Париж, 1948
В тот год, в самом его начале, я отправлялся в Европу и вез с собой горячее желание лично познакомиться с писателями, вызывавшими мое восхищение, — с теми, чьи стихи и проза сделали годы войны не такими беспросветными. А вдруг, мечтал я, удастся посмотреть на них, сказать им какие-нибудь добрые слова, поблагодарить их, моих кумиров…
К ним относились Анна Зегерс, написавшая «Седьмой крест», Илья Эренбург, автор «Падения Парижа» и сотен статей, которые составили железную и огненную сагу о героизме русских солдат, Михаил Шолохов, создатель эпопеи о Доне, поэты французского Сопротивления — Поль Элюар и Луи Арагон. Так вышло, что почти со всеми я не только познакомился, но и подружился. Их доброе ко мне отношение — честь для меня.
Анна и Илья стали даже чем-то бґольшим, чем друзья, они меня духовно обогатили, сделали лучше. Поль Элюар, чудесный, редкостный человек, был мне как брат — таким, как Неруда, мы действовали вместе и заодно, я привлекал его к нашим бразильским делам: когда Престесу грозила тюрьма, он выступил на митинге солидарности.
Приходилось мне тесно сотрудничать и с Арагоном. Он организовал перевод и публикацию двух моих романов и еще до выхода отдельного издания напечатал в «Леттр Франсэз», который редактировал, мои «Красные всходы». С этого началась моя известность. Я испытывал к нему уважение, сознавал, что мы служим одному делу, но не раз и не два ссорился с ним и с его приближенными — в придворные я не гожусь, а в друзья не набиваюсь.

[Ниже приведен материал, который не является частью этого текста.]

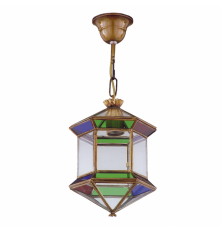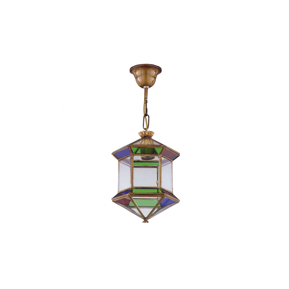 Farol de la serie GRANADINO con terminación en color BRONCE DORADO y combinación de cristales de colores. Está realizado en metal y cristal, decorado con cristales de colores. Su forma es geométrica, y sus dimensiones, con altura regulable, son de 35<,60x21x21 centímetros. Posee un portalámpara E27. Bombilla no incluida. Inspirado en el arte mudéjar. En esta misma serie podemos encontrar apliques faroles y plafones, tanto con combinaciones en opalina como con cristales de colores, y todos fiel al estilo de la serie.
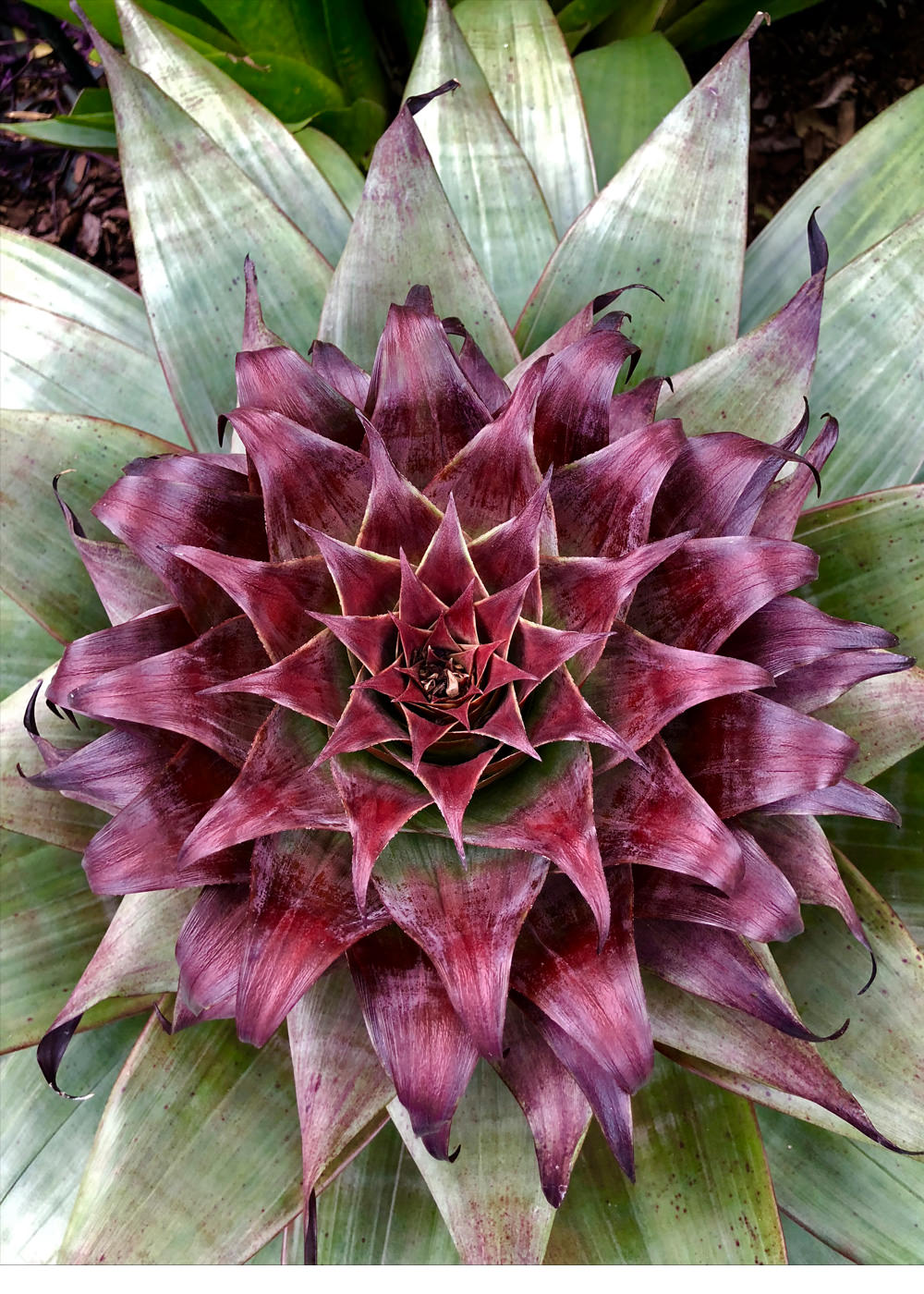 • Description: Large spineless green foliage with a red under-leaf.
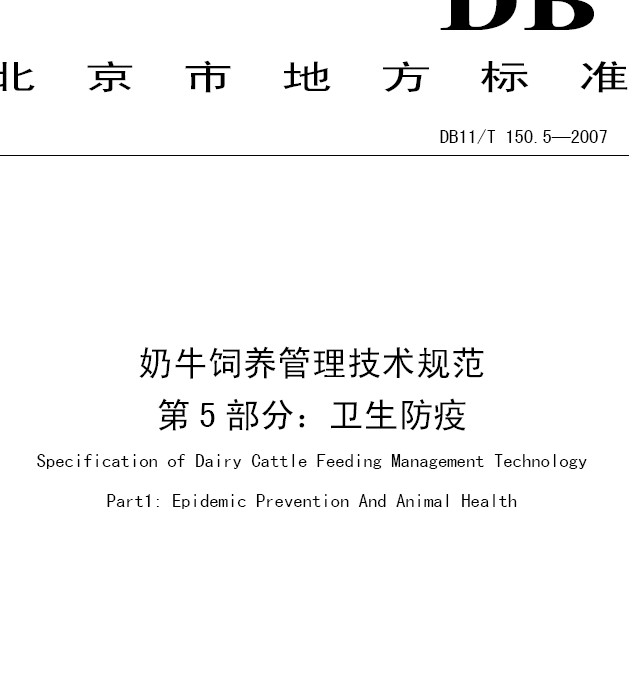 DB11T 150.5-2007 奶牛飼養(yǎng)管理技術(shù)規(guī)范 第5部分:衛(wèi)生防疫 |
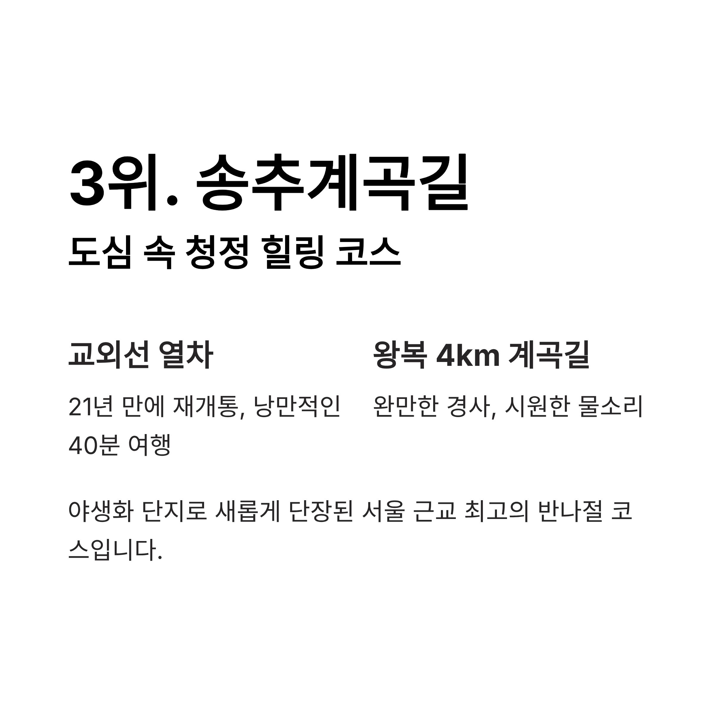 3. 도심 속 힐링 코스! 추억의 교외선 타고 떠나는 청정 계곡길 (3위. 송추계곡길)
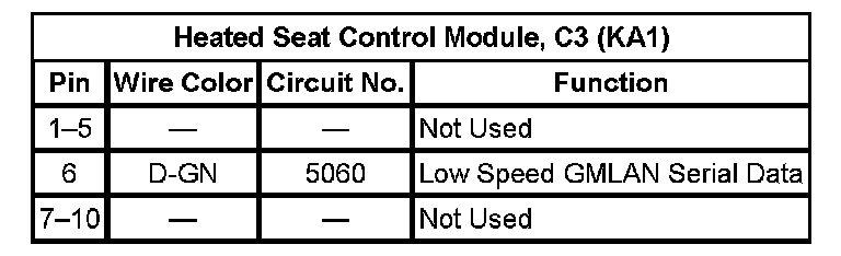 Heated Seat Control Module, C3 (KA1)
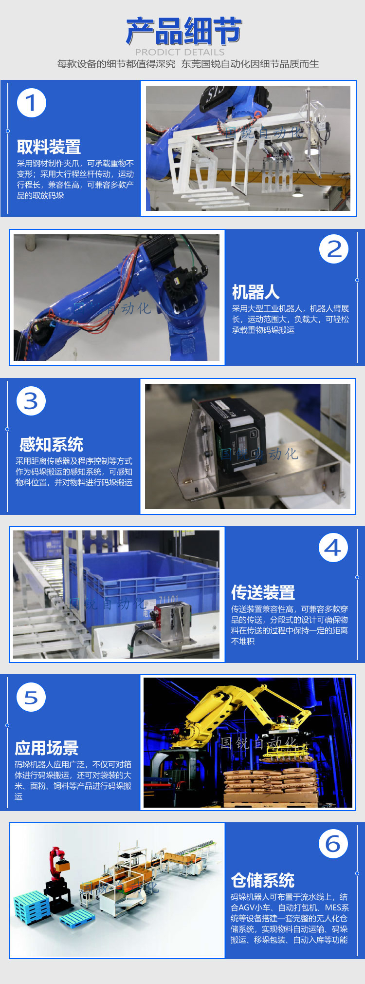 安裝方式:落地式機(jī)器人碼垛系統(tǒng),智能、高效,具有靈巧輕便的機(jī)械機(jī)構(gòu)及靈活的作業(yè)動(dòng)作。
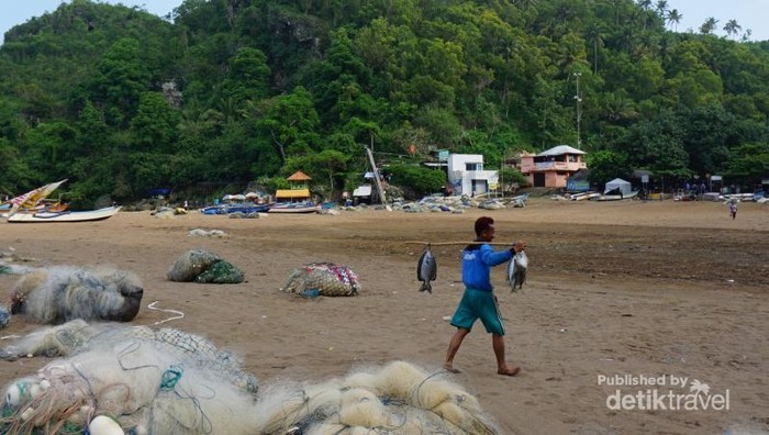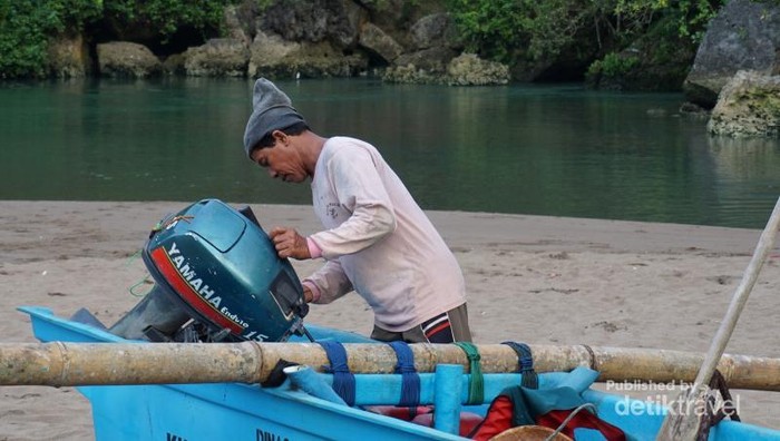 Selain main air dan menikmati birunya air laut di Pantai Baron, turis juga bisa bertemu para nelayan. Misalnya saja saat merek bersiap melaut.
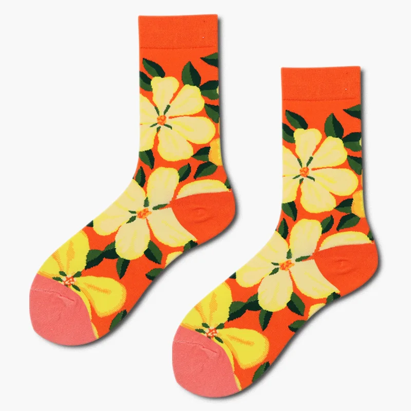Модные зимние новые стильные брендовые носки, веселые мужские и женские носки унисекс, хлопковые парные смешные носки, носки с контрастным рисунком цветов и птиц
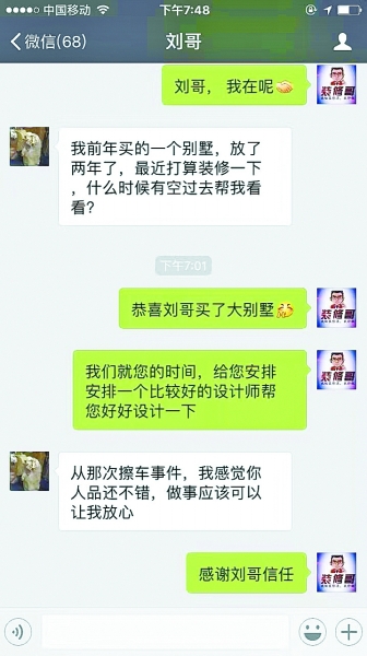 這兩年多,兩人的聯系只停留在簡單的朋友圈“點贊”和節日問候,直到最近劉向南準備裝修自己的別墅。“裝修就怕被坑,找個人品好的裝修老板比什么都重要。”劉向南說,他的裝修預算在80萬元左右,沒有考慮其他任何一家裝修公司,直接找了鐘明金。他跟妻子說了擦車事件后,妻子二話沒說,支持他的決定。
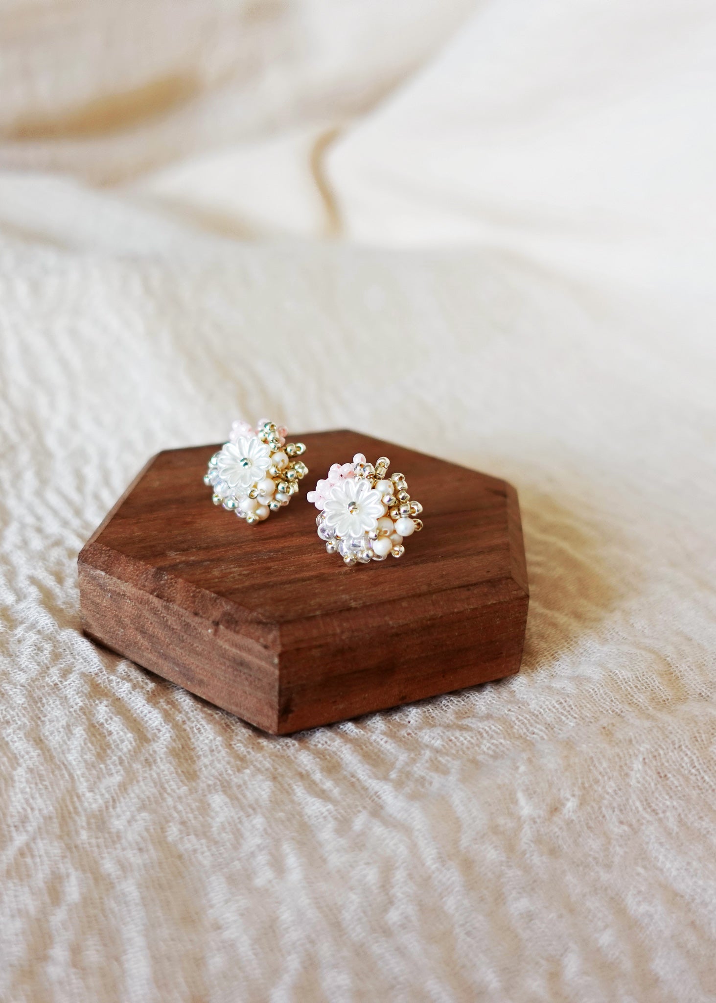Handcrafted with fine cordonnet cotton thread and delicate glass beads using our signature crocheted technique, the Dianelle Earrings feature a graceful floral design in soft pink tones. Each earring is thoughtfully made by hand, capturing the gentle charm and femininity of a blooming flower. Delicate yet expressive, they embody refined craftsmanship and a touch of romantic elegance, perfect for any occasion.
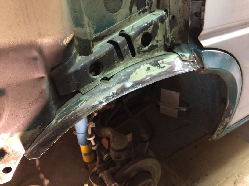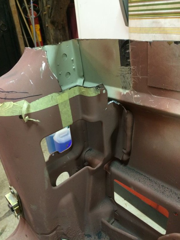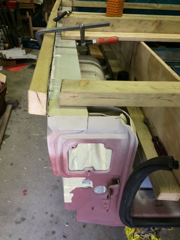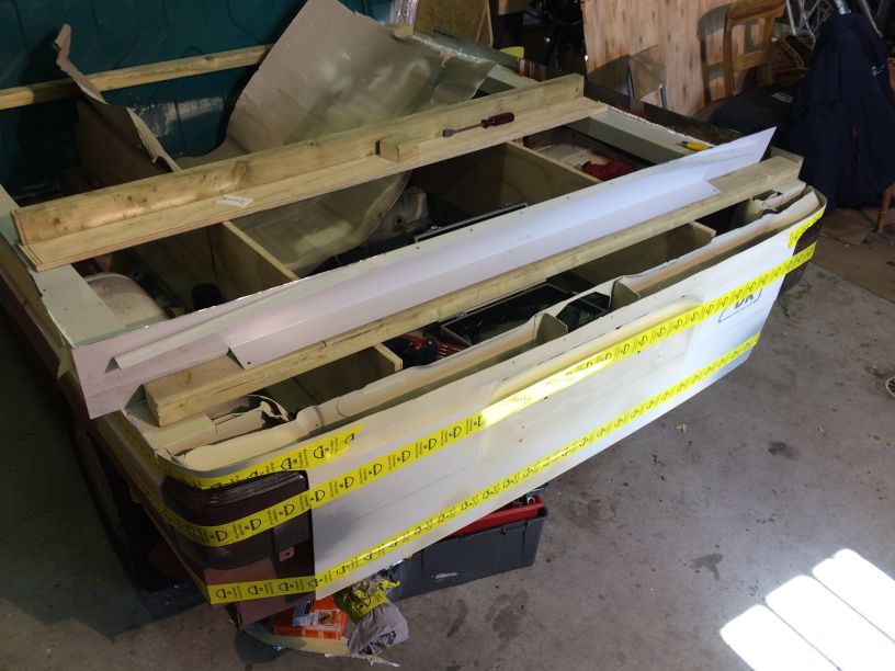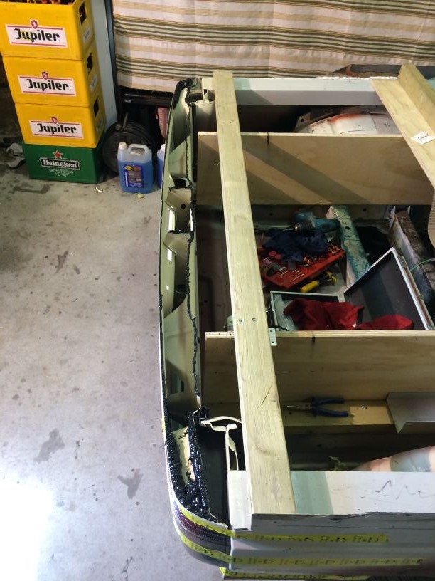 Na een paar dagen was alle kit wel hard genoeg dus het hele circus er wee af gehaald en het overtollige plaatwerk afgeslepen. Nu begint het een beetje vorm te krijgen.

Михаил Шолохов разочаровал меня при первом же знакомстве. Я был в числе тех, кто встречал на вроцлавском вокзале прибывшую на Конгресс миролюбивых сил советскую делегацию, куда входил Шолохов. Пьяный, он вывалился из вагона на перрон, один-единственный раз почтил своим присутствием заседание, пьяный уехал обратно в Москву.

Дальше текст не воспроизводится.